241 2012-07-21 14:43:17 <justmoon> TD: yep, that's my point exactly ;)
242 2012-07-21 14:43:45 <TD> justmoon: i thought about it, but it seemed like a lot of work for something that'll appear exactly one, to a small number of people
243 2012-07-21 14:44:24 <justmoon> TD: yeah, I had the same thought regarding the performance - seems like it's easier to just bite the bullet and focus on things with more long term benefits
244 2012-07-21 14:44:34 <TD> yeah
245 2012-07-21 14:44:52 <TD> after we get this merged, the next big win is multi-threaded tx verification
246 2012-07-21 14:44:53 <justmoon> maybe an easy fix would be to make the splash screen non-dismissable
247 2012-07-21 14:44:54 <TD> i think
248 2012-07-21 14:44:59 <TD> right
249 2012-07-21 14:45:02 <TD> that'd be how i'd do it :)

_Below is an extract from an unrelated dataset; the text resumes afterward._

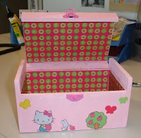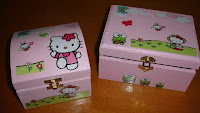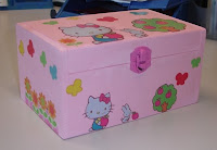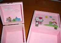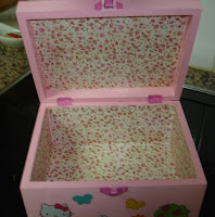 Caixa de madeira pintada em tons de rosa, com motivos da Hello Kitty. Com aproximadamente 17 x 12 x 12 cm.

250 2012-07-21 14:55:26 <TD> justmoon: did you switch leveldb to use the boost env on non-win32 platforms as well?
251 2012-07-21 14:56:48 <TD> hmm, nope
252 2012-07-21 14:56:49 <TD> weird
253 2012-07-21 14:56:54 <TD> i wonder why it's got so much slower for me
254 2012-07-21 14:57:06 <xorgate> hm bitcoind.exe always crashes on exit
255 2012-07-21 14:57:18 <TD> justmoon: could you send me some of your ACCEPTED ? blocks in ? msec lines?
256 2012-07-21 14:57:27 <TD> i'm seeing really high variance in how quickly it's processing transactions
257 2012-07-21 14:57:55 <justmoon> you want larger blocks or small ones?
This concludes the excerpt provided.